BRIEF: Please give again exactly the lines from the top of the material through the line with "На другому ж"; omit each picture.

──────── INFORMATION PROVIDED

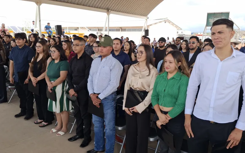 Durante la ceremonia se contó con la presencia de Martha del Carmen Sosa González, directora académica del CECyTECH; Ulises García Soto, titular de la Oficina de Enlace Educativo de la SEP en Chihuahua; Gloria Jannette Muñiz Villalba, jefa del Departamento de Enlace Educativo de la SEyD; y Sherlyn Terrazas Gándara, egresada de la generación 2020-2023.
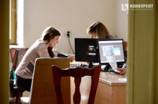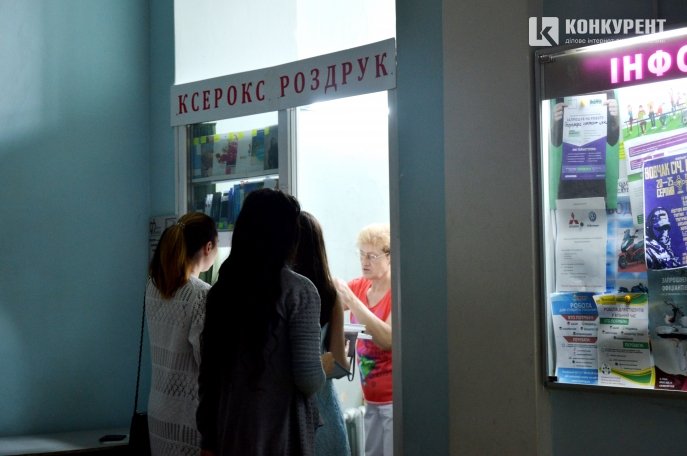 На другому ж поверсі все у розпалі. Під кожними дверима стоять кілька абітурієнтів, які по черзі заходять у невеликі кабінети, аби подати свої документи.
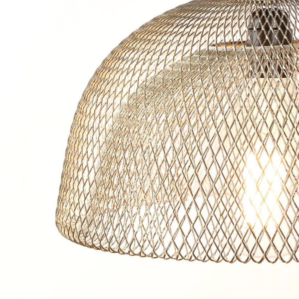 Our Valentino pendant lamp features double layer metal mesh braiding to create exciting ambience light. The light filtering inspiration of dome metal mesh. Reflecting the latest trends, this industrial mesh pendant light is perfect shade to suit any lounge, kitchen, hall or bedroom. ADDITIONAL FEATURES • Standard Australian domestic fitting • 1.5m cord height is adjustable • Lamp holder takes a standard E27 light bulb at 60 watt max [download spec sheet] Recommend Lighting Source : LED Only
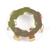 A washer is a flat, typically circular metal or plastic component used in motorcycle assemblies. It is placed between a fastener (like a bolt or nut) and the surface it is fastening to.

────────────────

ANSWER SECTION:
 Durante la ceremonia se contó con la presencia de Martha del Carmen Sosa González, directora académica del CECyTECH; Ulises García Soto, titular de la Oficina de Enlace Educativo de la SEP en Chihuahua; Gloria Jannette Muñiz Villalba, jefa del Departamento de Enlace Educativo de la SEyD; y Sherlyn Terrazas Gándara, egresada de la generación 2020-2023.
 На другому ж поверсі все у розпалі. Під кожними дверима стоять кілька абітурієнтів, які по черзі заходять у невеликі кабінети, аби подати свої документи.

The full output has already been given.